KEYN-FM
- Wichita, Kansas; United States;
- Broadcast area: Wichita metropolitan area
- Frequency: 103.7 MHz (HD Radio)
- Branding: 103.7 KEYN

Programming
- Language: English
- Format: Classic hits
- Affiliations: Premiere Networks United Stations Radio Networks

Ownership
- Owner: Audacy, Inc.; (Audacy License, LLC);
- Sister stations: KDGS; KFBZ; KFH; KNSS; KNSS-FM;

History
- First air date: 1967
- Call sign meaning: phonetically similar to "keen" (former brand's target audience)

Technical information
- Licensing authority: FCC
- Facility ID: 53151
- Class: C0
- ERP: 98,000 watts (100,000 with beam tilt)
- HAAT: 307 meters (1,007 ft)
- Transmitter coordinates: 37°48′00″N 97°31′30″W﻿ / ﻿37.800°N 97.525°W

Links
- Public license information: Public file; LMS;
- Webcast: Listen live (via Audacy)
- Website: www.audacy.com/keyn

= KEYN-FM =

KEYN-FM (103.7 MHz) is a radio station operating in Wichita, Kansas, owned by Audacy, Inc. The station broadcasts a classic hits music format, featuring hits from the 1970s and 1980s. The station's studios are located on East Douglas Avenue in East Wichita, while the transmitter is located outside Colwich, Kansas.

==History==
KEYN-FM signed on the air in October 1968 as a Top 40/CHR station, the first stereo FM station west of the Mississippi River. The station was co-owned with KEYN (then at 900 AM, now KSGL), with both stations simulcasting until 1975, when the AM flipped to country. In the 1970s, their studios were located at 2829 North Salina in Wichita. Later, studios were moved to the west end of the Central Heights Shopping Center at Central Avenue and Ridge Road. During that time, the station's identification jingle was "FM 104 KEYN The Rock Of Wichita", and featured a graphic depicting the faces of Mount Rushmore, wearing stereo headphones. In 1974, KEYN AM and KEYN-FM was purchased by Robert Freeman, Lowell Denniston, and Frank Carney. Their AM sister station was sold in 1977, though KEYN-FM would become a sister station to KWBB (1410 AM) shortly thereafter. The station was purchased by TM alum Jimmy Long and country music artist Charley Pride doing business as Long-Pride Broadcasting in 1980; also that year, KEYN (AM) flipped to oldies under new KQAM call letters.

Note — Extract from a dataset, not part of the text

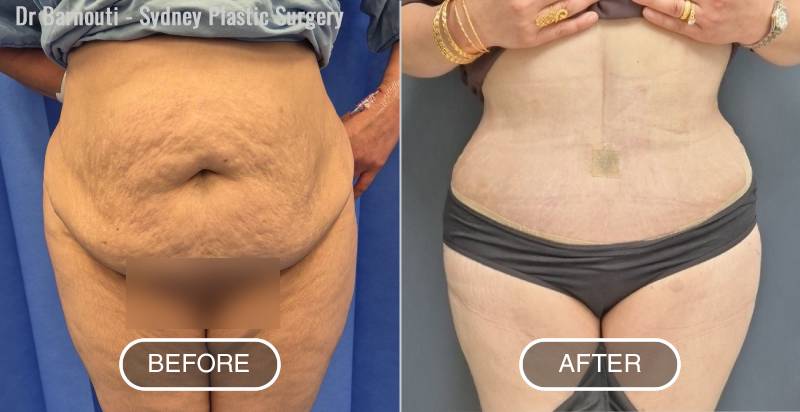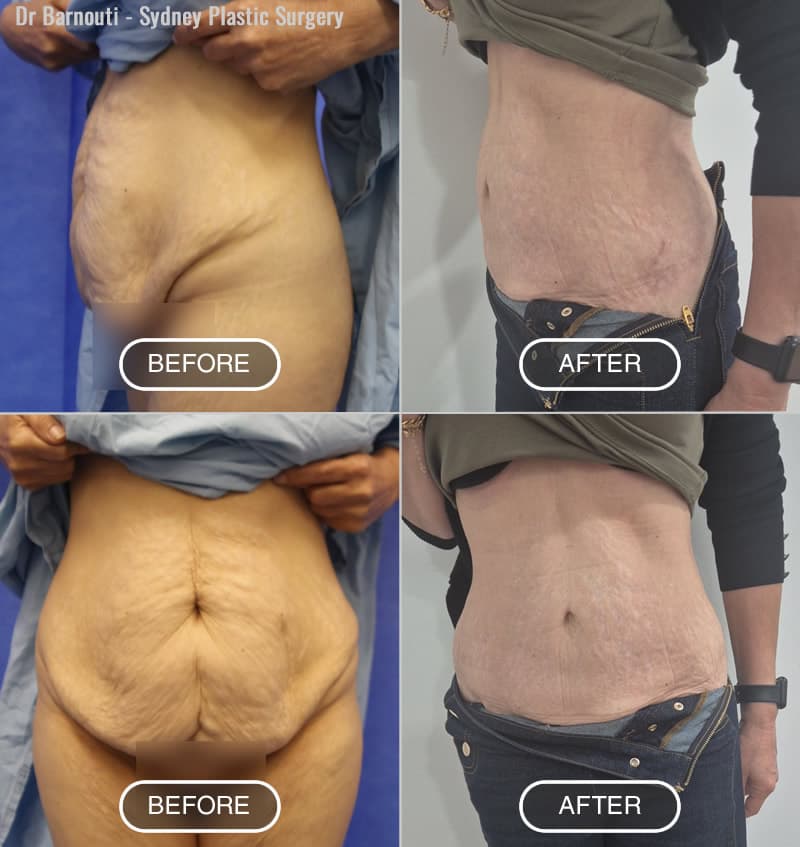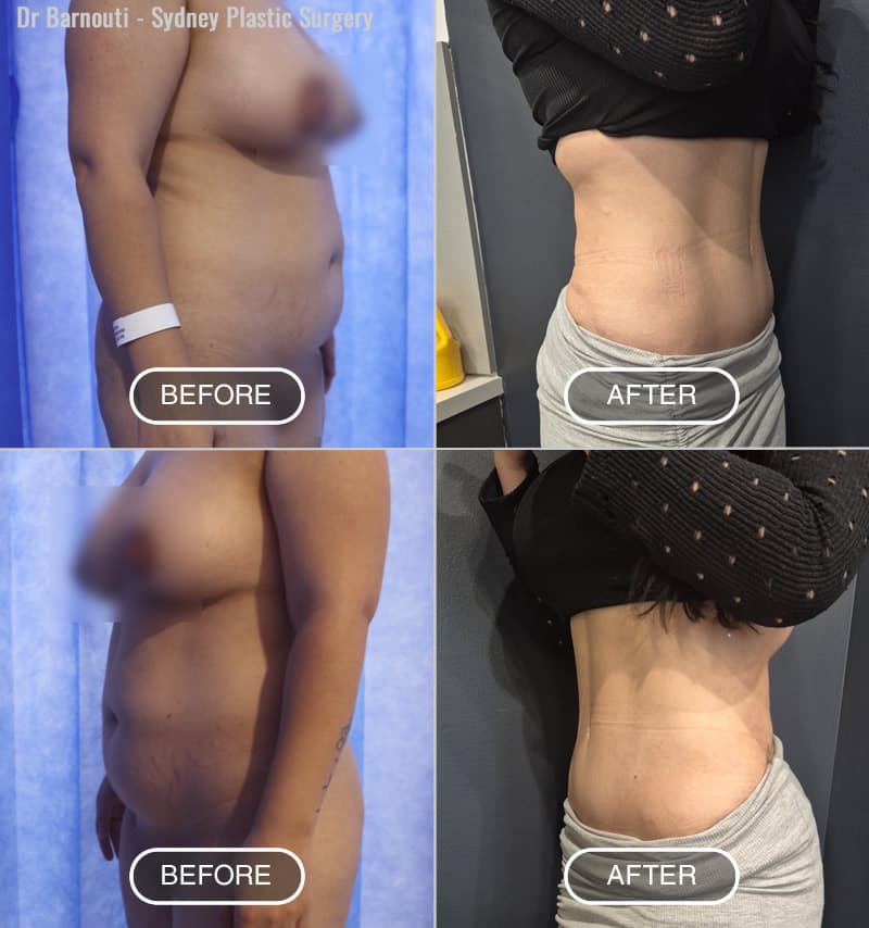 These images show individual outcomes following abdominoplasty procedures performed by Dr Barnouti. Each case is tailored to the patient’s anatomy and surgical goals.

During the Top 40/CHR years, KEYN went by a few names, including "104 FM KEYN", "MusicRadio 104 KEYN", "103.7 KEYN", and "Power 104 KEYN".

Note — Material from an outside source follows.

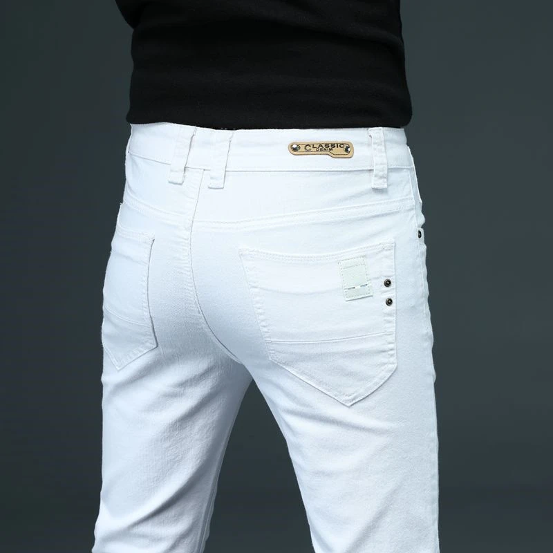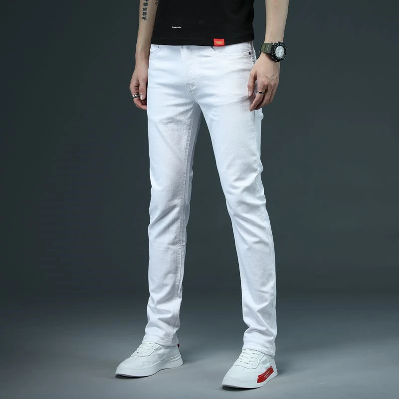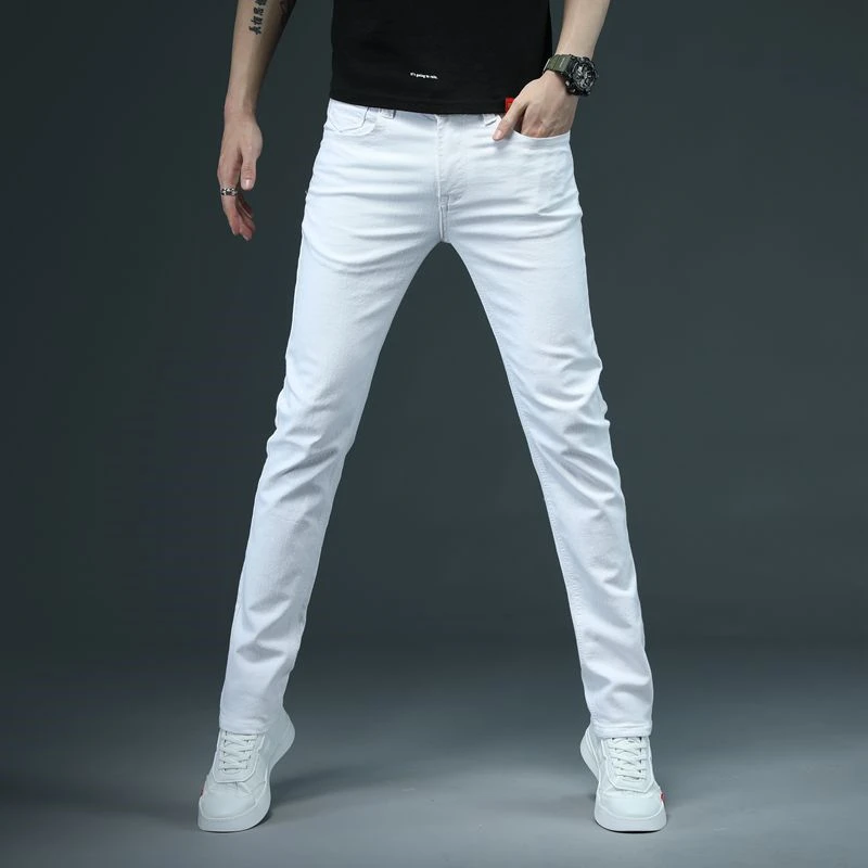 2021 узкие джинсы мужские однотонные белые мужские джинсы стрейч повседневные мужские модные джинсовые брюки повседневные Молодежные брюки для мальчиков Yong

Long-Pride Broadcasting sold KEYN-FM and their sister station KQAM in 1987 to Aberdeen Communications. On August 30, 1989, at Noon, after almost 22 years of playing the hits, KEYN-FM flipped to oldies as simply "KEYN FM 104". The final song as "Power 104" was "The End of the Innocence" by Don Henley, while the first song under the new format was "Ticket to Ride" by The Beatles. Aberdeen allowed their company to go to receivership in 1991, and was bought by Clear Channel Communications the following year. Throughout the late 1990s and 2000s, KEYN's format gradually evolved to Classic Hits. It previously used the slogans as "Good Time Oldies", "Wichita's Fun Oldies", and "The Greatest Hits of All Time". Their current slogan is "Greatest Hits 103.7 KEYN". Triathlon Broadcasting bought the station in 1994; Entercom (now Audacy) bought KEYN-FM in February 2000.

In early 2015, the station moved from the Brittany Place Shopping Center at East 21st Street and North Woodlawn Avenue to the Ruffin Building at 9111 East Douglas, formerly the Pizza Hut headquarters.